**Task brief**
Find the line with "Durch das ruhige" in the records below, then please transcribe it and every later line exactly, omitting the pictures and adding nothing.

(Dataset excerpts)
*** Block opens ***
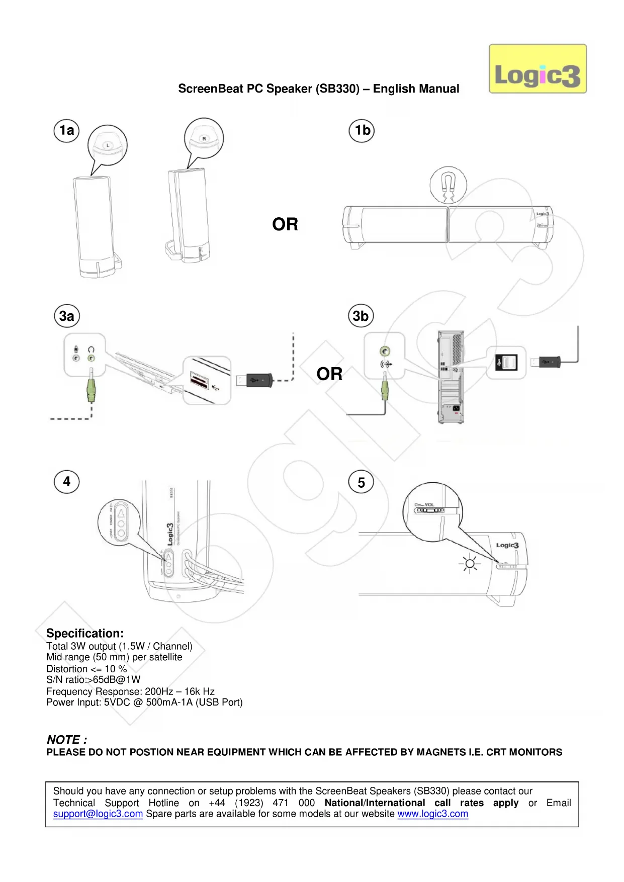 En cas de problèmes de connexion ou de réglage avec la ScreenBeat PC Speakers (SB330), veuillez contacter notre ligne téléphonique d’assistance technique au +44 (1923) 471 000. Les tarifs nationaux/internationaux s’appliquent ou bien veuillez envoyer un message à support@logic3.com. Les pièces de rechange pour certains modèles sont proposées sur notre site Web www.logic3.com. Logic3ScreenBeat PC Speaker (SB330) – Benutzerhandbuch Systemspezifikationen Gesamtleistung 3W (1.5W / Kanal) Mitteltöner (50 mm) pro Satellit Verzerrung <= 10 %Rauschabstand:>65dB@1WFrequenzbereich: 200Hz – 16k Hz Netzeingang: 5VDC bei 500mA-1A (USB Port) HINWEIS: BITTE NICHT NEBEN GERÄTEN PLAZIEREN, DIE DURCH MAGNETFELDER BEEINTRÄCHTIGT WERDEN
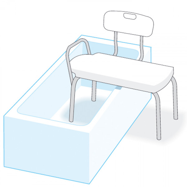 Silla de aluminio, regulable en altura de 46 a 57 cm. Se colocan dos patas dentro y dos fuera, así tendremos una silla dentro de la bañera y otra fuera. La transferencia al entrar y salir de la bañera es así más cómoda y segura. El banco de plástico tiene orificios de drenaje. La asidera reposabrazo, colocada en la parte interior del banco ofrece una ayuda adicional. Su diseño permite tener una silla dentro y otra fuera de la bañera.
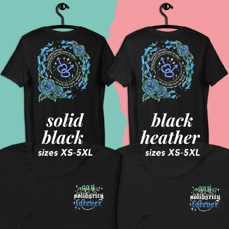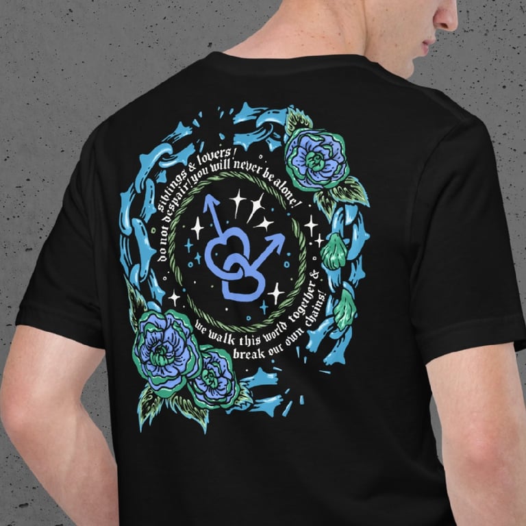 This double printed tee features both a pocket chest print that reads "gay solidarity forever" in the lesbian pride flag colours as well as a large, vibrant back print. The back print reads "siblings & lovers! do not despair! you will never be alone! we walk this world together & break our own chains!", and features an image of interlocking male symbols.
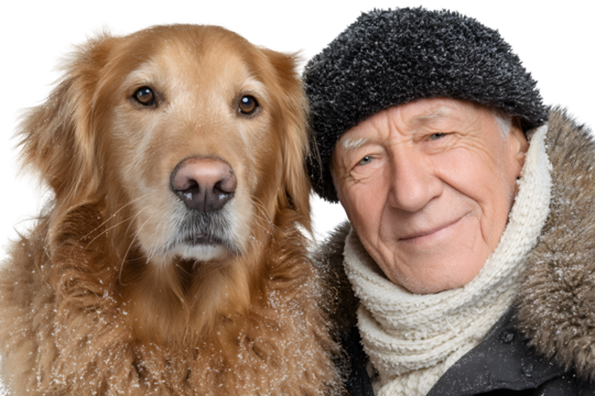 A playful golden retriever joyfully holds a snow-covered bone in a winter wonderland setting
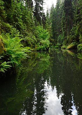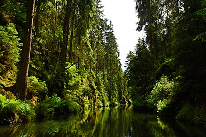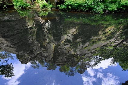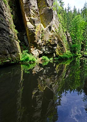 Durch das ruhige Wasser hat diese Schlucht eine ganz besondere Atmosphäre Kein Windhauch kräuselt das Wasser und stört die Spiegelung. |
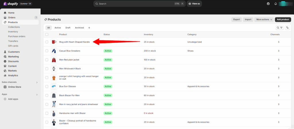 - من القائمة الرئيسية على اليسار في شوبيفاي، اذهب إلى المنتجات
*** Block closes ***
**Written answer**
 Durch das ruhige Wasser hat diese Schlucht eine ganz besondere Atmosphäre Kein Windhauch kräuselt das Wasser und stört die Spiegelung. |
 - من القائمة الرئيسية على اليسار في شوبيفاي، اذهب إلى المنتجات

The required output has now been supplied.